··· TASK INPUT ···

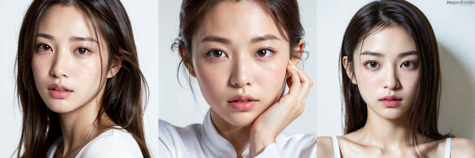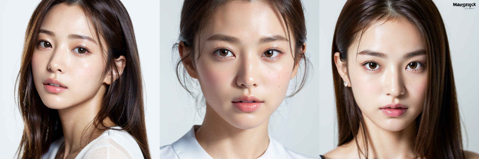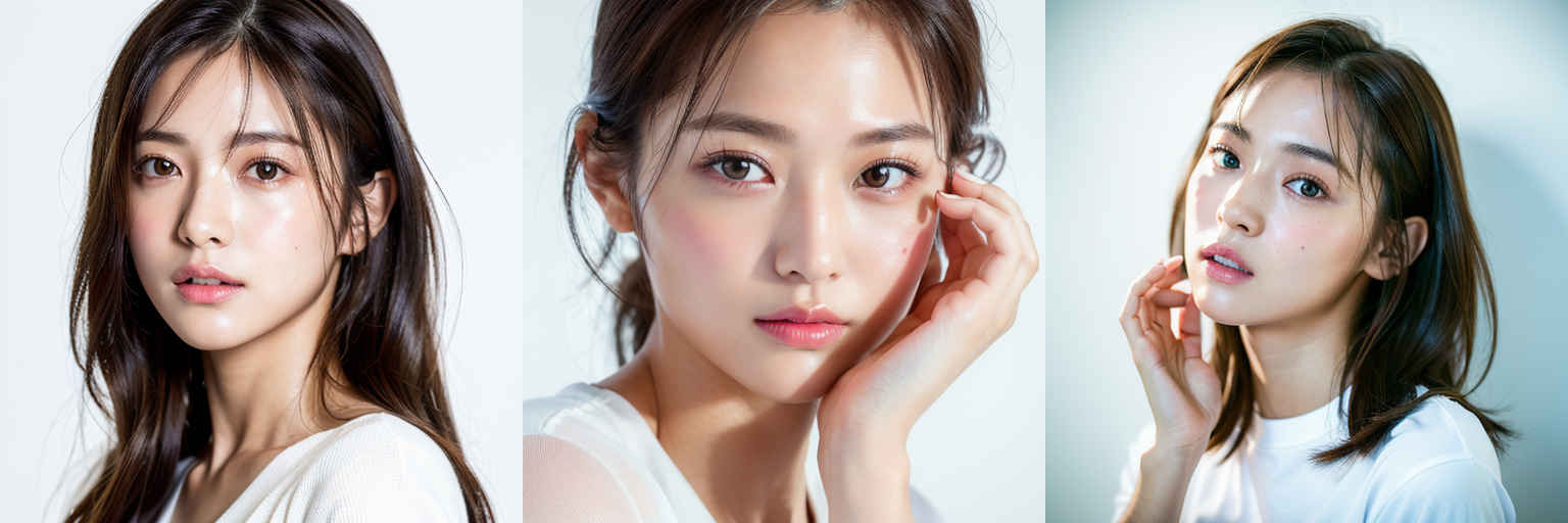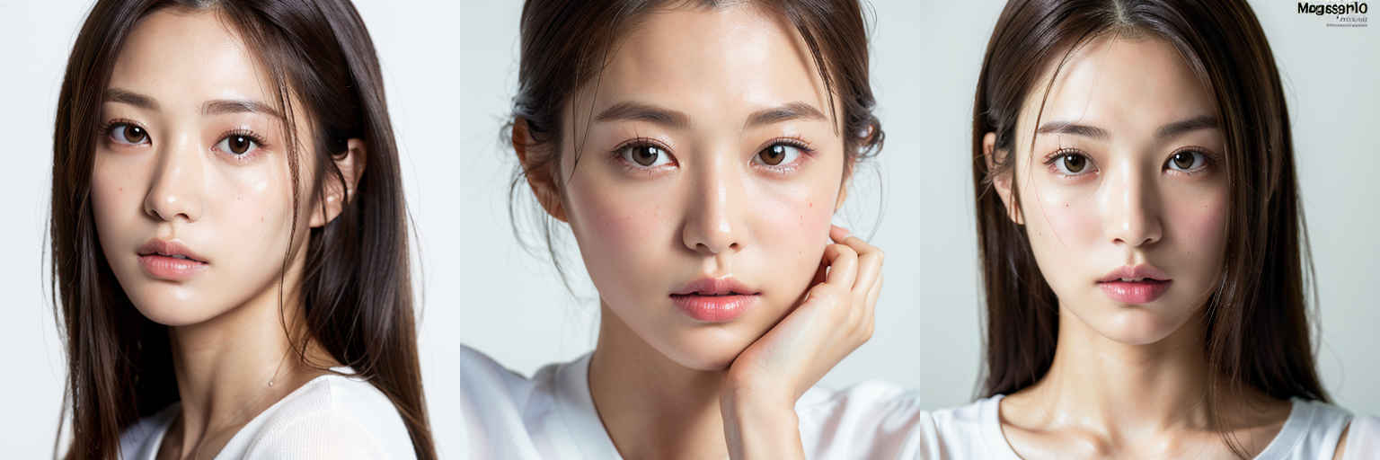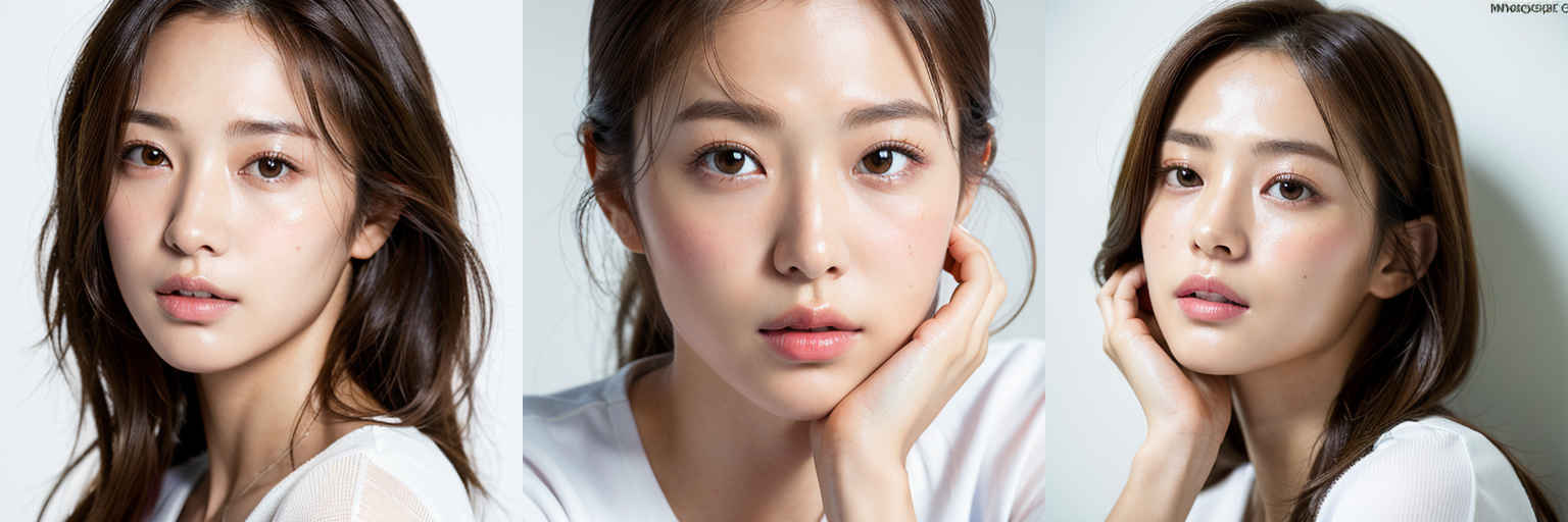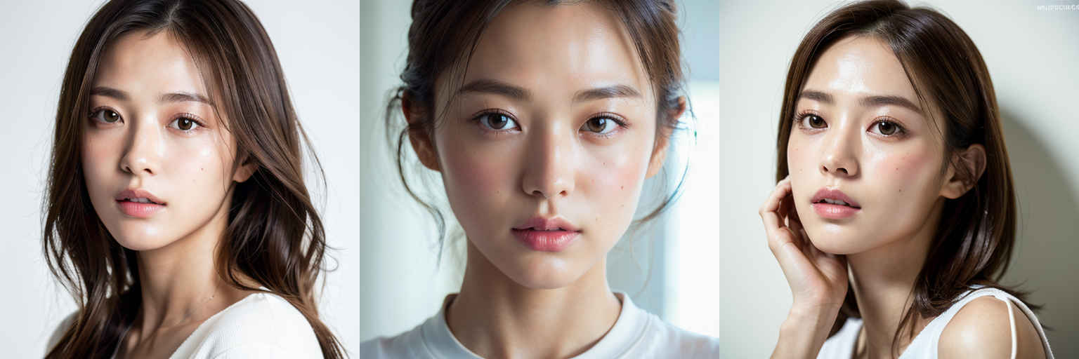 | (傑作、最高品質:1.4)、(8k、生写真、フォトリアル:1.2)、つやのある肌、詳細な肌、詳細な顔、詳細な目、1人の女の子、日本のアイドル、美しい顔、{個別プロンプト}、白背景、白い T シャツを着て | |
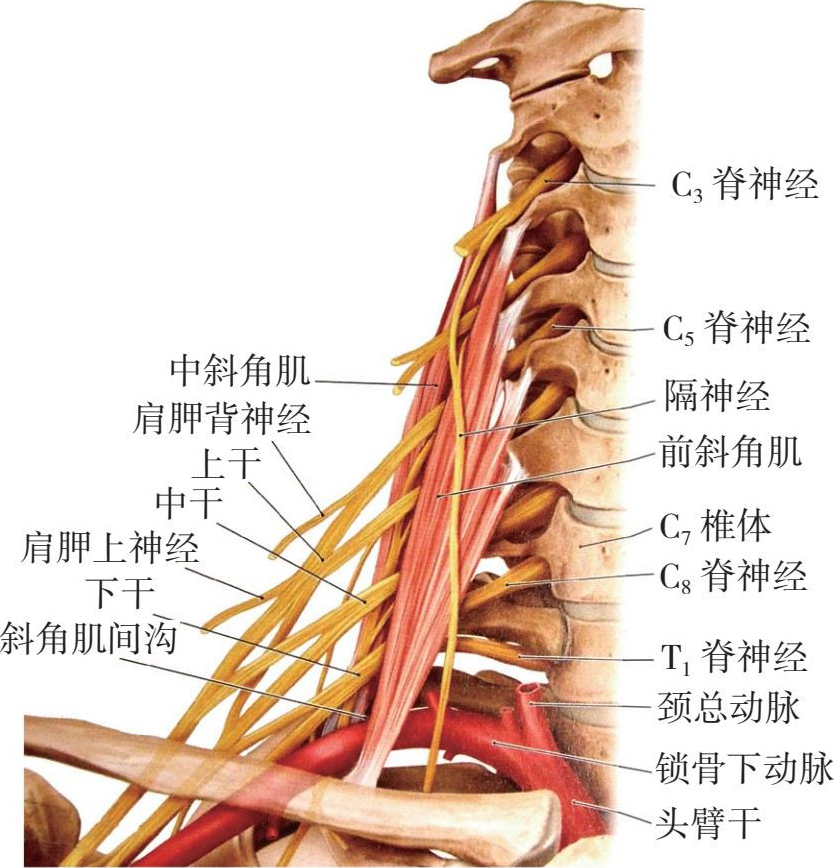 熟悉斜角肌间的解剖是穿刺成功的关键。颈部有两群肌肉,分内侧群(椎前群)和外侧群(斜角肌群),其中的前斜角肌起自第3至第6颈椎横突的前结节,肌纤维向外下方走行,止于第1肋骨内缘的斜角肌结节;中斜角肌位于前斜角肌的后方,起自第2至第7颈椎横突的后结节,肌纤维向外下方止于第1肋骨上。脊神经根从椎间孔穿出后,经前后结节之间,穿行于前、中斜角肌间隙形成臂丛神经。斜角肌间沟的内缘为颈椎,前后缘为斜角肌,底部为第1肋骨(图3-5至图3-7)。
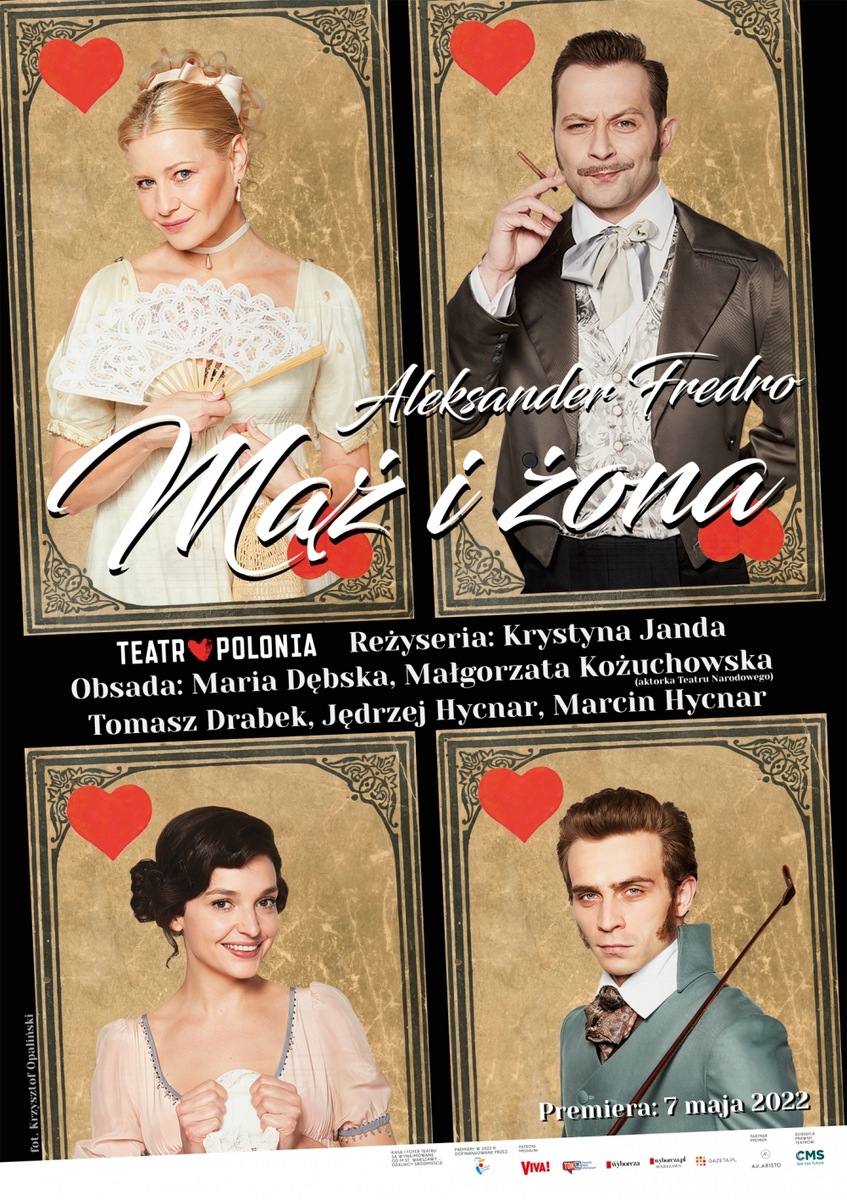 MĄŻ I ŻONA – najcudowniejsza z komedii Aleksandra Fredry. Tym razem w wiele obiecującej, wręcz wymarzonej, obsadzie. Zabawa, intryga, przyjemność i nieśmiertelny hrabia Fredro z jego kpiną, urodą ciętego języka i pięknem wiersza. Mamy nadzieję na szampańskie wieczory.
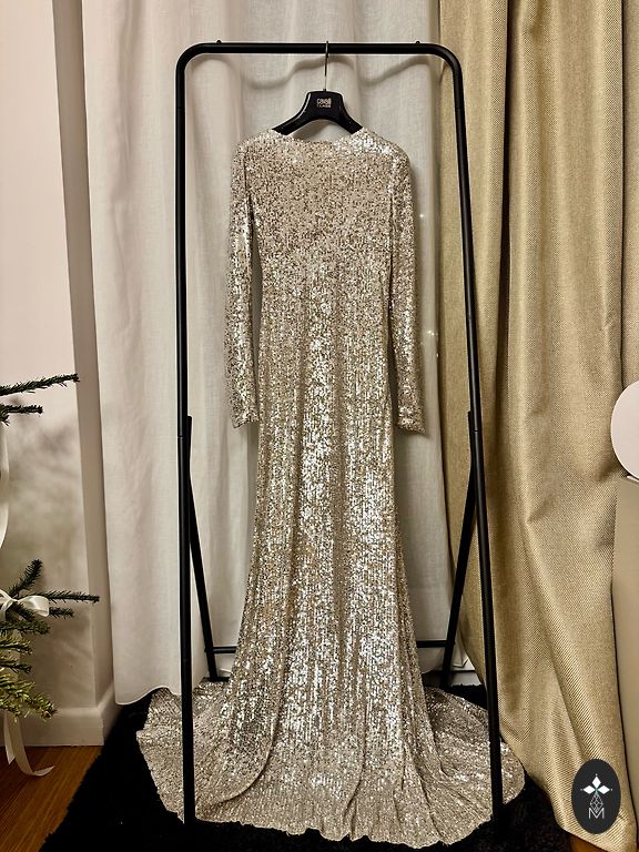Mermaid dress with sequins. Size S. Worn once. Bust 39cm, narrowest waist 33cm, dress length at the back 144cm. Zipper at the back.
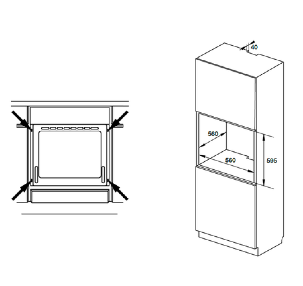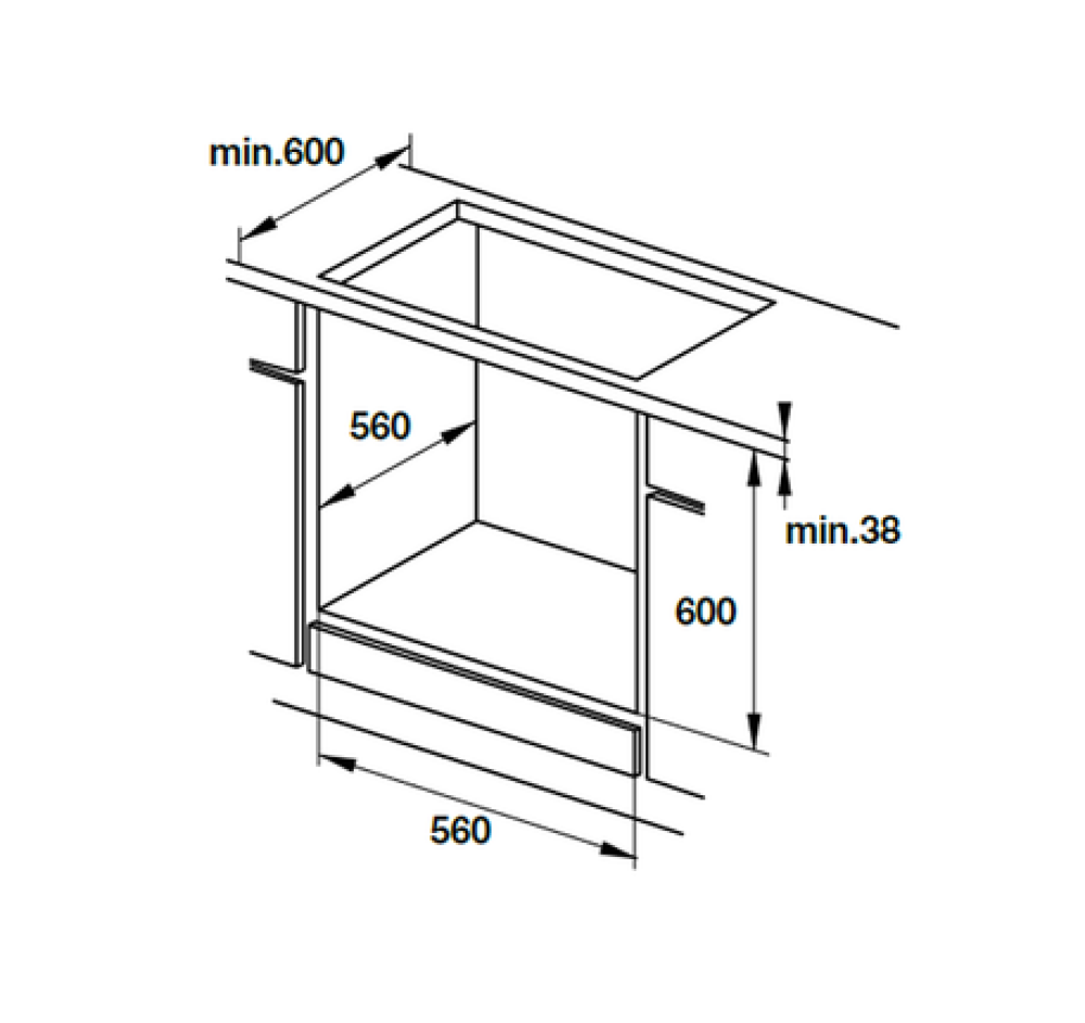| Kích thước hộc tủ: 595-600C x 560R x 560S mm |
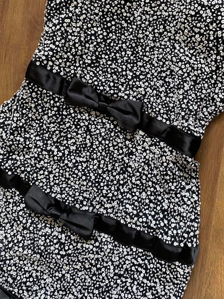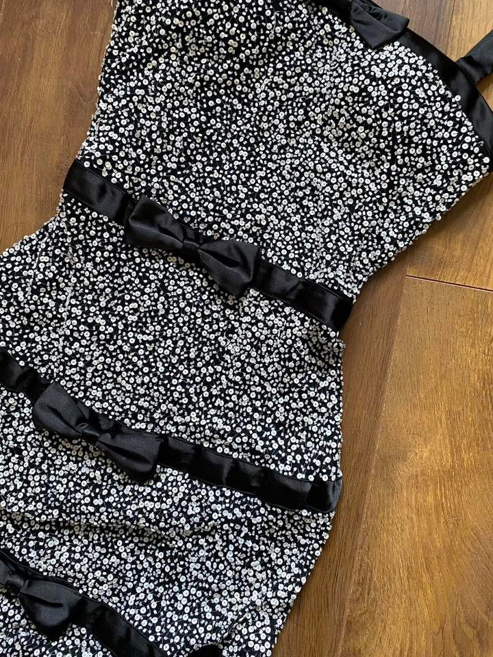 Black & white 100% silk beaded/sequin evening dress with cute bow detailing, a padded bust & a zip up the back uk 6-8
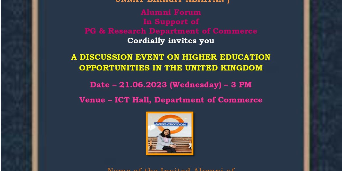 Alumni Forum in support of the postgraduate and research department of Commerce, Trinity College for Women, Namakkal organized a “Discussion event on higher education opportunities in the United Kingdom” on 21st June 2023. It was held in the place of ICT Hall, Department of Commerce of the College.
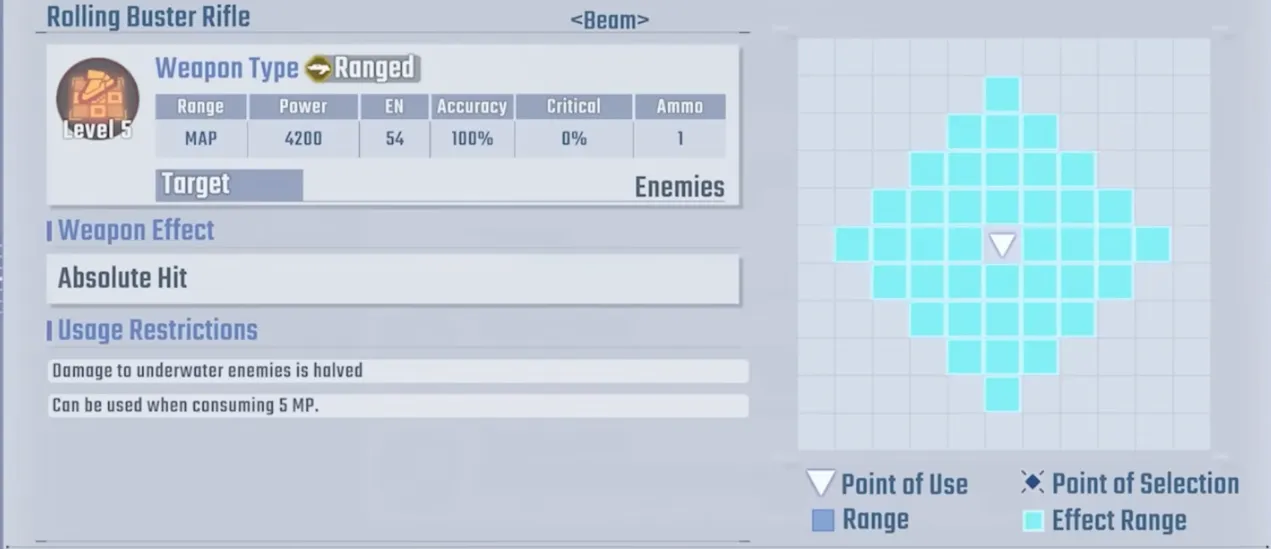 Wing Zero's biggest highlight is its MAP weapon "Rolling Buster Rifle": Power 4,200, fan-shaped area, usable after moving, consumes only 5 MP, with 1 ammo. It is currently the only limited unit in the game capable of "positioning → firing a map cannon" after moving, with farming efficiency far surpassing the Double X. In PVP Master League, while the AI may not perfectly utilize triple actions, its ability to use the post-move MAP to clean up low-HP enemies and bypass support defense makes it a difficult threat to handle.
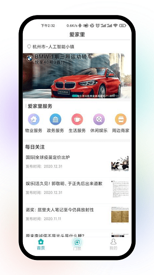 爱家里,让居家生活更幸福。用户下载app注册之后就会定位当前位置,为您锁定附近小区,选择小区、楼栋、门号之后绑定住户信息就能入驻平台了,在系统中录入门锁信息,审核通过之后就能实现用手机开关门。app上还会为住户推送很多城市资讯,供您闲暇时候阅读,了解本地生活。

···

#### ACTION ITEM
Drop the pictures; return the lines above from the line containing "MĄŻ I ŻONA –" to the line containing "Alumni Forum in", both included, exactly.

#### SOLVED PROBLEM
 MĄŻ I ŻONA – najcudowniejsza z komedii Aleksandra Fredry. Tym razem w wiele obiecującej, wręcz wymarzonej, obsadzie. Zabawa, intryga, przyjemność i nieśmiertelny hrabia Fredro z jego kpiną, urodą ciętego języka i pięknem wiersza. Mamy nadzieję na szampańskie wieczory.
Mermaid dress with sequins. Size S. Worn once. Bust 39cm, narrowest waist 33cm, dress length at the back 144cm. Zipper at the back.
| Kích thước hộc tủ: 595-600C x 560R x 560S mm |
 Black & white 100% silk beaded/sequin evening dress with cute bow detailing, a padded bust & a zip up the back uk 6-8
 Alumni Forum in support of the postgraduate and research department of Commerce, Trinity College for Women, Namakkal organized a “Discussion event on higher education opportunities in the United Kingdom” on 21st June 2023. It was held in the place of ICT Hall, Department of Commerce of the College.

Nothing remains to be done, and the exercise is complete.